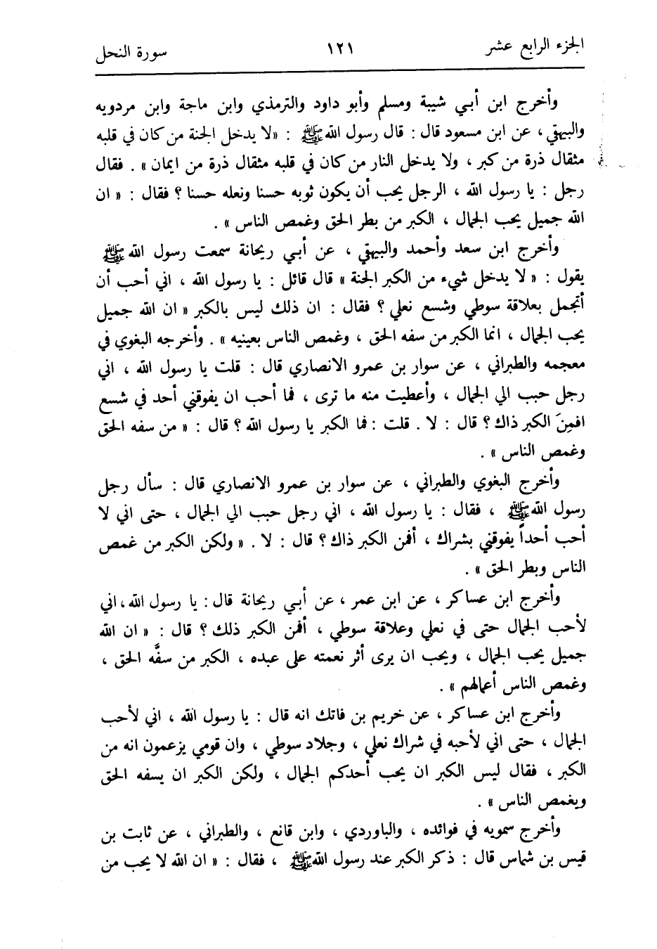 وَأخرج ابْن عَسَاكِر عَن ابْن عمر عَن أبي رَيْحَانَة قَالَ: يَا رَسُول الله إِنِّي لأحب الْجمال حَتَّى فِي نَعْلي وعلاقة سَوْطِي أَفَمَن الْكبر ذَلِك قَالَ: إِن الله جميل يحب الْجمال وَيُحب أَن يرى أثر نعْمَته على عَبده الْكبر من سفه الْحق وَغَمص النَّاس أَعْمَالهم
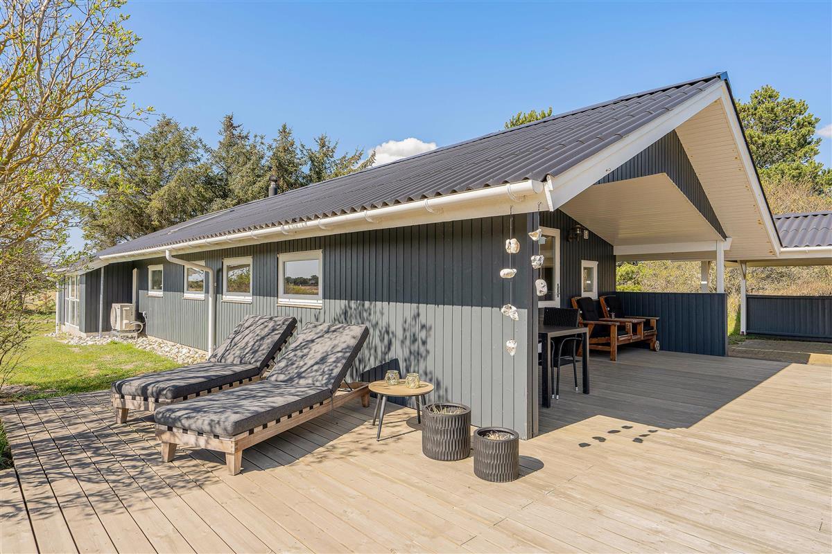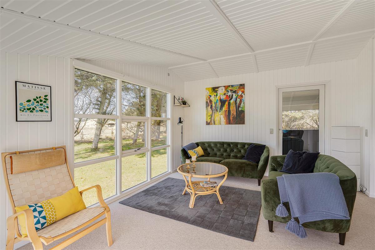 Upon entering this holiday home at Krogsande 8 in Blåvand, you'll immediately sense the wonderful holiday atmosphere. The spacious living and dining area with integrated kitchen is flooded with natural light through skylights and features bright, modern furnishings. You're sure to feel at home straight away.
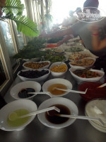 Столовая! Полностью открыта. Есть зона столов в помещении, где стоит еда, но там открыты все двери ооочень жарко. Если не успели к началу приема пищи, то столов не хватает, нужно, либо позже возвращаться, либо ждать. Тарелки практически все со сколами и грязноватые, уж не знаю, как их моют. Разнообразие еды скудноватое. На фото видно, что мясные блюла и гарниры 8 емкостей... и не всегда есть что-то вкусное. Но хватает всего. На завтраки действительно, как сказано в предыдущем отзыве, была все 10 дней только одна молочная каша каждый день, несколько сухих завтраков, овощи, соевые колбасы и либо жареные яйца, либо омлет, сыры и булочки. Из фруктов арбузы, дыни, яблоки каждый день, через день еще не очень вкусные апельсины. Сам персонал столовой действительно шустрый и доброжелательный.
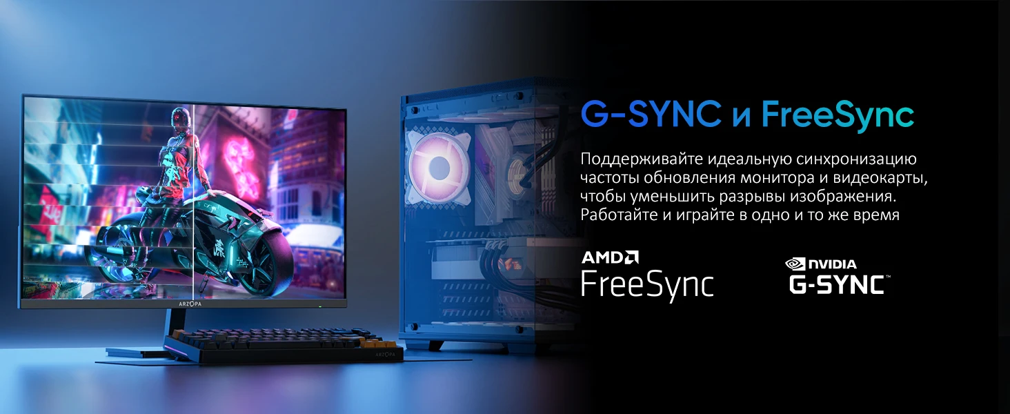 Совместимость с AMD FreeSync™ и NVIDIA G-SYNC™ Синхронизирует частоту обновления монитора с графическим процессором, гарантируя бездростную и безрубезгуюемую игру.
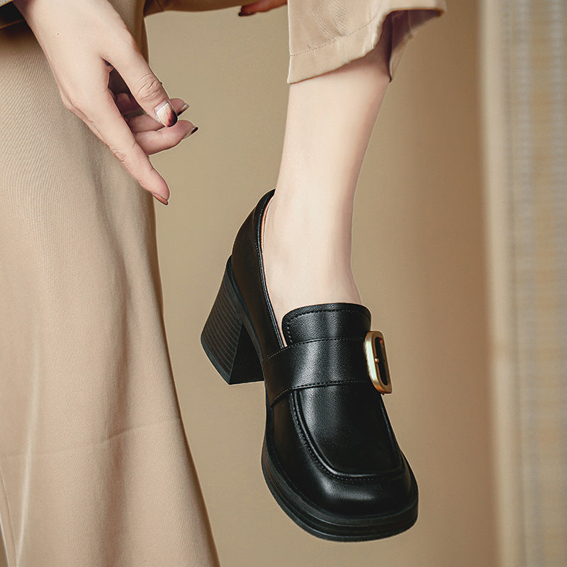 Women's Chunky Pumps Vintage Buckle High-cut Authentic Loafers
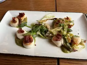 Food was wonderful! We had a vegan and vegetarian and they loved their choices. Best part was our server Jamie who was both attentive and entertaining. Pizza was excellent and desserts were great. Dinner was so good we went back for dinner the next night
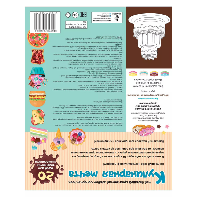Почувствуй себя настоящим шеф-поваром! В этом альбоме тебя ждут 20 изумительных блюд и десертов, которые нужно закончить и украсить множеством привлекательных наклеек: от посыпки для пончиков до соуса к пасте. Идеальный подарок для гурманов и сладкоежек!
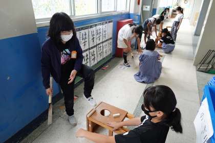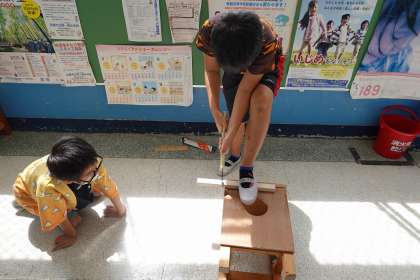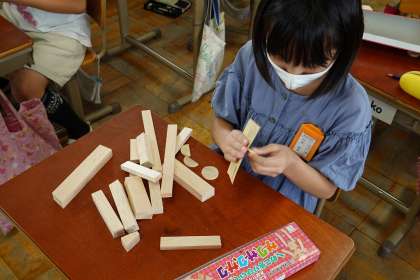 図画工作では「ギコギコ トントン クリエーター」の学習に取り組んでいます。のこぎりを使って木材をいろいろな長さに切り,切ったものを組み合わせて何がつくれるか考えました。
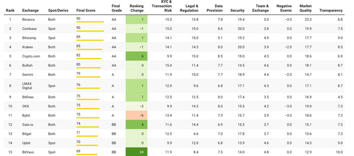 한편 지난 8일 발표된 이번 가상자산 거래소 평가에서 세계 1위는 총점 90점을 획득한 바이낸스가 차지했다. 이어 코인베이스, 비트스탬프, 크라켄, 크립토닷컴 등이 뒤를 이었다.

- _YOUR TASK_
Each line from the first line of the listing through the line with "Столовая! Полностью открыта." must be printed exactly, both ends included, and no picture may appear.

- _FINISHED EXERCISE_
 وَأخرج ابْن عَسَاكِر عَن ابْن عمر عَن أبي رَيْحَانَة قَالَ: يَا رَسُول الله إِنِّي لأحب الْجمال حَتَّى فِي نَعْلي وعلاقة سَوْطِي أَفَمَن الْكبر ذَلِك قَالَ: إِن الله جميل يحب الْجمال وَيُحب أَن يرى أثر نعْمَته على عَبده الْكبر من سفه الْحق وَغَمص النَّاس أَعْمَالهم
 Upon entering this holiday home at Krogsande 8 in Blåvand, you'll immediately sense the wonderful holiday atmosphere. The spacious living and dining area with integrated kitchen is flooded with natural light through skylights and features bright, modern furnishings. You're sure to feel at home straight away.
 Столовая! Полностью открыта. Есть зона столов в помещении, где стоит еда, но там открыты все двери ооочень жарко. Если не успели к началу приема пищи, то столов не хватает, нужно, либо позже возвращаться, либо ждать. Тарелки практически все со сколами и грязноватые, уж не знаю, как их моют. Разнообразие еды скудноватое. На фото видно, что мясные блюла и гарниры 8 емкостей... и не всегда есть что-то вкусное. Но хватает всего. На завтраки действительно, как сказано в предыдущем отзыве, была все 10 дней только одна молочная каша каждый день, несколько сухих завтраков, овощи, соевые колбасы и либо жареные яйца, либо омлет, сыры и булочки. Из фруктов арбузы, дыни, яблоки каждый день, через день еще не очень вкусные апельсины. Сам персонал столовой действительно шустрый и доброжелательный.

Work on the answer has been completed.